I enjoyed John Hirschauer’s post on the sloppiness of the contemporary Catholic liturgy. It belongs to a proud and thriving genre. I had not heard the line about crawling to receive Eucharist attributed to Mohandas K. Gandhi before — usually, it’s John Calvin or some unnamed Muslim or Jacobin.
But I wonder if he hasn’t got the causality backward: Perhaps it is the case that the liturgies, and church manners more generally, have become excessively democratic because so many American Catholics no longer really believe their own dogma, rather than that otherwise devout believers have lost their faith because of “extraordinary” eucharistic ministers in blue jeans? I’ll go a mile or two out of my way to avoid a church with bongos and guitars. (Except in the case of guitarists named Christopher Parkening.) But I am not so sure the central Figure of the Christian religion would have been quite so fastidious about this. And one of the most reverential Masses at which I ever have had the honor to be present was celebrated in makeshift conditions in a hotel room. (Ironically, this happened within view of St.
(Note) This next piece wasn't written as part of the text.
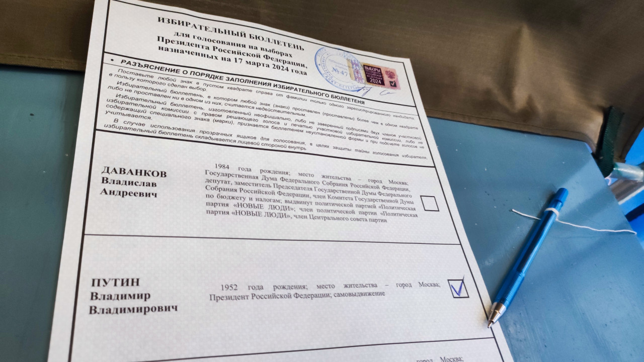 Фотография показывает бюллетень для голосования на выборах Президента Российской Федерации 2024 года, на котором сделана отметка напротив одного из кандидатов. Документ лежит на синем столе, рядом закреплена синяя ручка. На бланке виден штамп избирательного участка. Изображение передаёт официальную атмосферу избирательного процесса и может использоваться для тематических публикаций о выборах.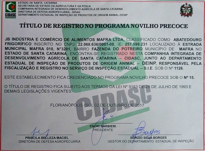 Mais um estabelecimento está apto a abater o novilho precoce no estado. Trata-se do frigorÃfico JB Indústria e Comércio de Alimentos Mafra Ltda. (B’ovino Sul), localizado no bairro Fazenda do Potreiro em Mafra.

Peter’s.) No one wore Birkenstocks, but there is some biblical precedent for sandals, I believe.
Of course there are outward signs indicating inward things, and much of American Catholic observance is, it seems to me, irreverent. But count me skeptical of the proposition that what Catholics really want is a pair of decent long trousers to awe them into orthodoxy.
“Thou art Peter, and upon this rock I will build my church; and the gates of hell shall not prevail against it.” If the gates of hell shall not prevail, then business casual doesn’t stand a chance.